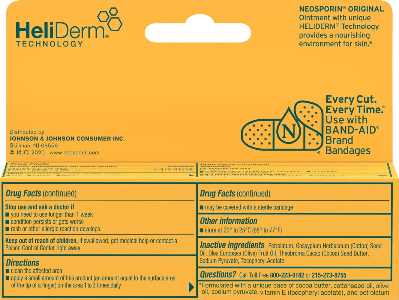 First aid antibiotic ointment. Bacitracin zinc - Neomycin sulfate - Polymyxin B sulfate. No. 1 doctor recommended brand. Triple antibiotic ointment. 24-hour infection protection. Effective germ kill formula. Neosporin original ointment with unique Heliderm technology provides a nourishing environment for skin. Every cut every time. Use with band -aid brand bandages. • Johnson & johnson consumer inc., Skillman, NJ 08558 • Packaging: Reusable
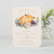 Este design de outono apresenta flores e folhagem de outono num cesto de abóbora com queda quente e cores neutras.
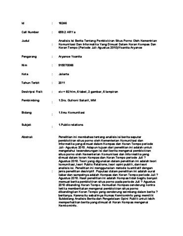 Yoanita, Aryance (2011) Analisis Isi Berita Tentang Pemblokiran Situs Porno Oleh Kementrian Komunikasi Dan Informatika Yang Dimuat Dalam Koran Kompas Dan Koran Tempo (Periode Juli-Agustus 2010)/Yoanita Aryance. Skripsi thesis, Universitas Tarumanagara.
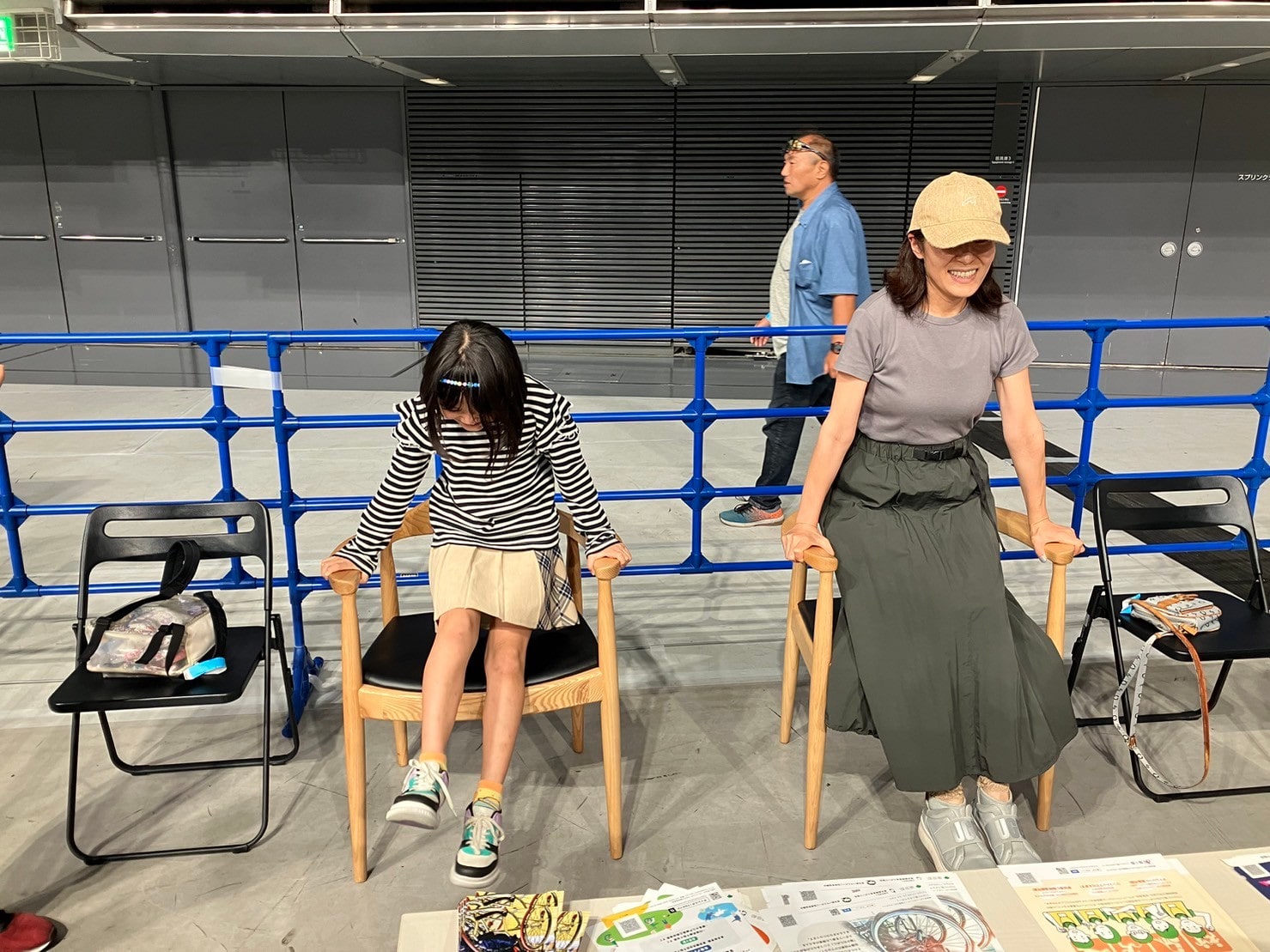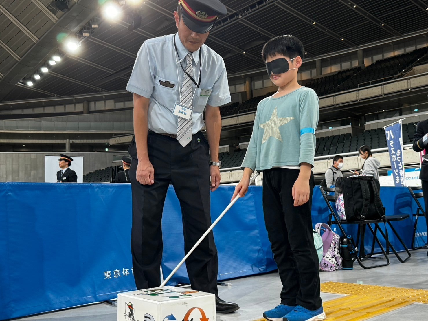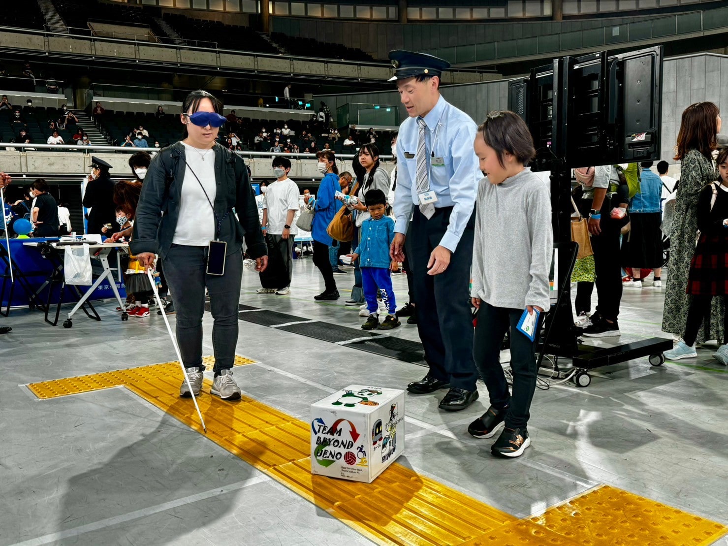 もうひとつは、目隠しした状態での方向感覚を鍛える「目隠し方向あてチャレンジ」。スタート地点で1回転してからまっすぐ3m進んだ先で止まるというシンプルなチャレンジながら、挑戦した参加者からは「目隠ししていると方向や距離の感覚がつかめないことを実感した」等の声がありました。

──────────────────────────────

* [About this task] For this exercise, output only the lines from the one bearing "Yoanita, Aryance (2011)" to the end of the material above, exactly as written, with pictures left out.

* [Task result]
 Yoanita, Aryance (2011) Analisis Isi Berita Tentang Pemblokiran Situs Porno Oleh Kementrian Komunikasi Dan Informatika Yang Dimuat Dalam Koran Kompas Dan Koran Tempo (Periode Juli-Agustus 2010)/Yoanita Aryance. Skripsi thesis, Universitas Tarumanagara.
 もうひとつは、目隠しした状態での方向感覚を鍛える「目隠し方向あてチャレンジ」。スタート地点で1回転してからまっすぐ3m進んだ先で止まるというシンプルなチャレンジながら、挑戦した参加者からは「目隠ししていると方向や距離の感覚がつかめないことを実感した」等の声がありました。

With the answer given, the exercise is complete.